The court pointed out that the parties were free under ICC rules to determine the law
which the arbitrator shall apply to the merits of the dispute and in the absence of any
stipulation by the parties to the applicable law; the arbitrators may apply the law
designated as the proper law by the rules of conflict. However, the court expressed the
view, that these self-contained and self-regulating ICC rules are subject to the overriding
powers of the appropriate national courts.

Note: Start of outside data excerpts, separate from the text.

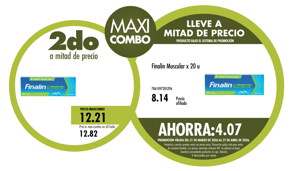 Maxicombo mitad de precio 14. Disponible en nuestros locales. Precio y stock pueden variar según la tienda.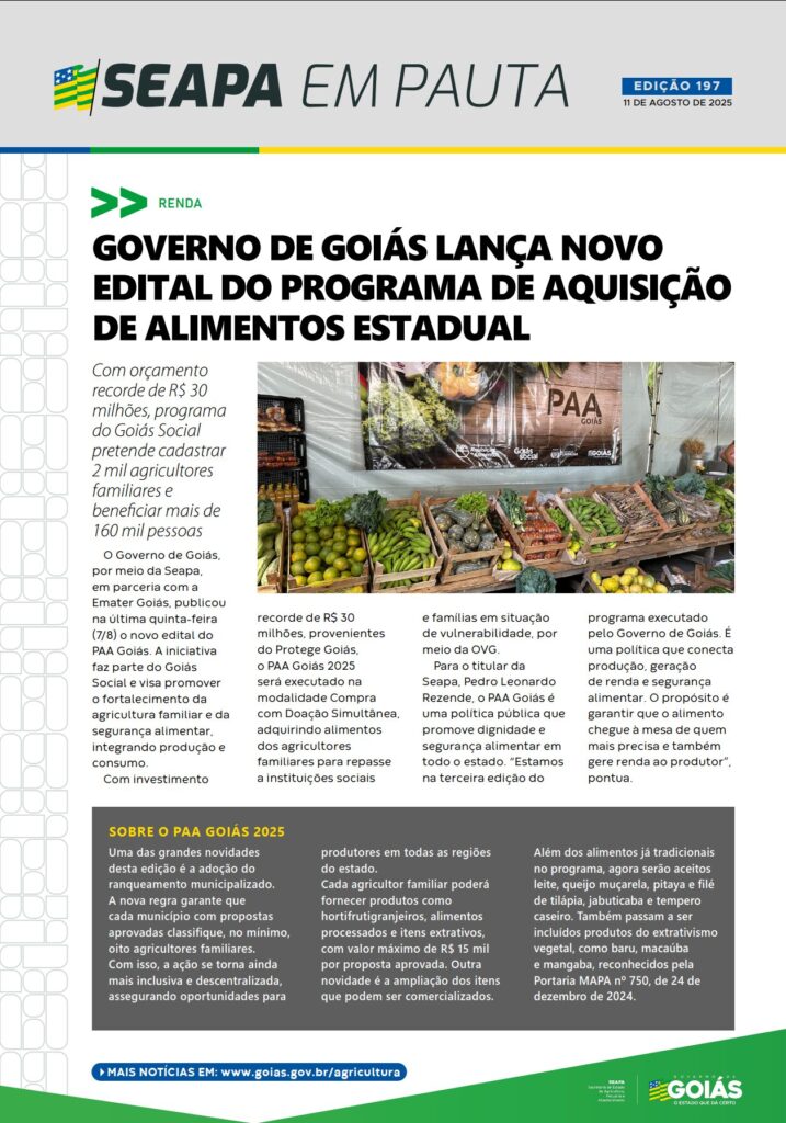 Boletim Seapa em Pauta – 11 de agosto de 2025 Última Atualização em 11 de agosto de 2025 Categoria Seapa em Pauta Clique aqui e leia completoEDIÇÃO 197 – 11 DE AGOSTO DE 2025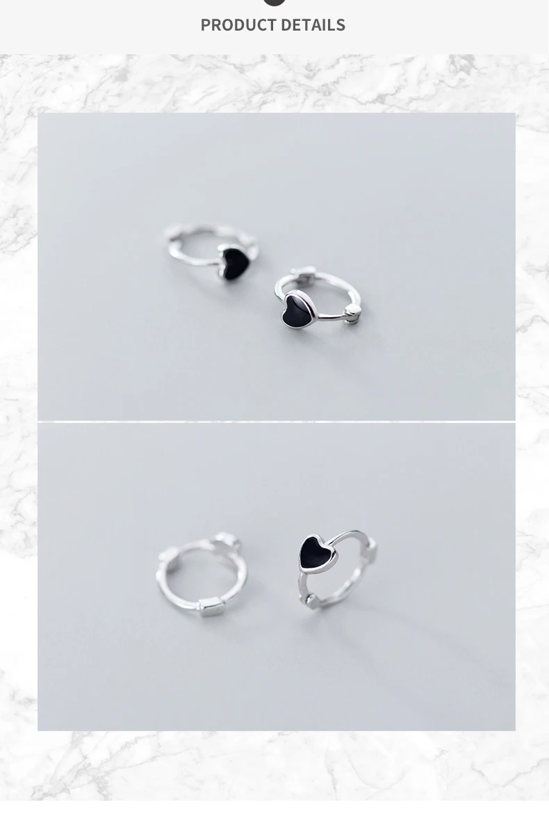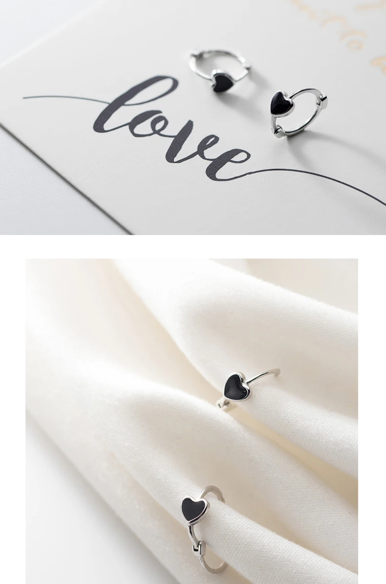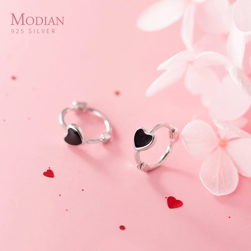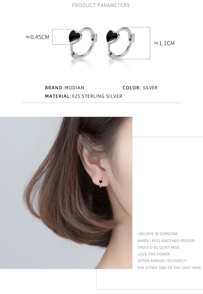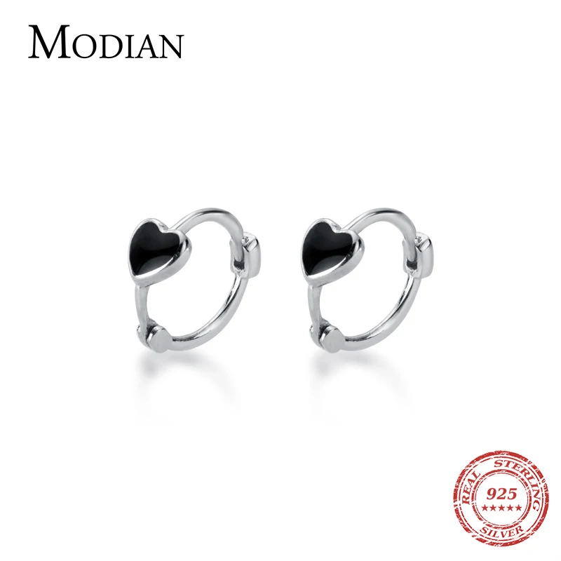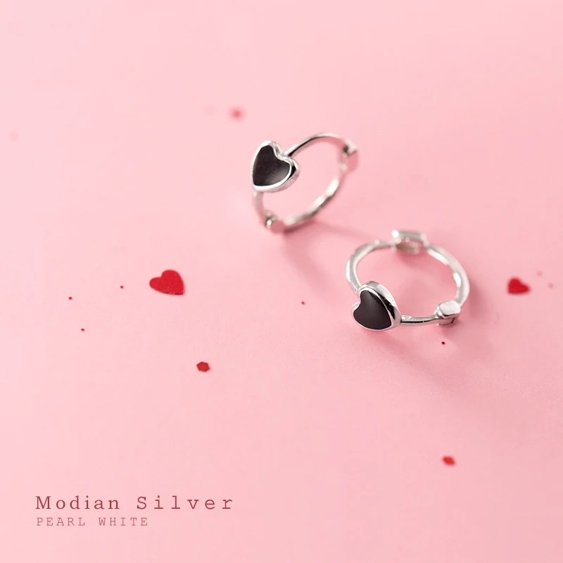 Женские классические серьги-кольца Modian, Изящные Ювелирные украшения в Корейском стиле из стерлингового серебра 925 пробы с черными сердечками

In the context of the two propositions pertaining to arbitration, stated earlier, the court
observed that the proper law of arbitration agreement is normally the same as the
proper law of the contract.

The parties have the freedom to choose the law governing an international commercial
arbitration agreement. They may choose the substantive law governing the arbitration
agreement as well as the procedural law governing the conduct of the arbitration… the
arbitration proceedings are conducted, in the absence of any agreement to the contrary
in accordance with the law of country in which the arbitration is held.

In the opinion of the court an award is foreign not merely because it is made in the
territory of a foreign state, but because it is made in such territory on an arbitration
agreement not governed by the law of India. Accordingly, it said that an award made in
pursuance of an arbitration agreement governed by the law of India though rendered
outside India, was not treated in India as a foreign award.

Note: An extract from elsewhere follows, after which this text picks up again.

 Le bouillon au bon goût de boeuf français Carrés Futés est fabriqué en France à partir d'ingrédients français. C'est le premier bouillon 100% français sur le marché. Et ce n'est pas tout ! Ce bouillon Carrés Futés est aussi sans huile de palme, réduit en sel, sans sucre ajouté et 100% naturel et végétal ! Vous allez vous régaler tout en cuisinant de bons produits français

In the final analysis, the Supreme Court agreed with the tribunals ruling that the
substantive law of the contract is Indian law and the laws of England governed
procedural matters in the arbitration. On the facts of the case the apex court ruled that
the award in question is an Indian award or a domestic award under the Indian
Arbitration Act, although the dispute as with a foreigner and the arbitration itself was
conducted and the award was made in a foreign state.

The other relevant factors that the court took into consideration were parties had
expressly chosen the Indian law as the applicable law to the contract, courts of Delhi to
have exclusive jurisdiction “in all matters arising under this contract”, agreement was
executed in Delhi. the contract to be performed in India, the form of agreement closely
related to the system of law in India, various Indian enactments were specifically
mentioned in the agreement as applicable and the arbitration agreement was contained
in one of the clauses of the contract and not in a separate agreement. The governing
rule of the contract being Indian law, arbitration agreement also would necessarily be
governed by Indian law excepting the procedural aspects of the arbitration which, due to
the fact of being conducted in a foreign country would be governed by the law of that
country i.e. the law of England in the instant case.

In the result, the Supreme Court set aside the impugned judgement of the Delhi High
Court and allowed the present appeal.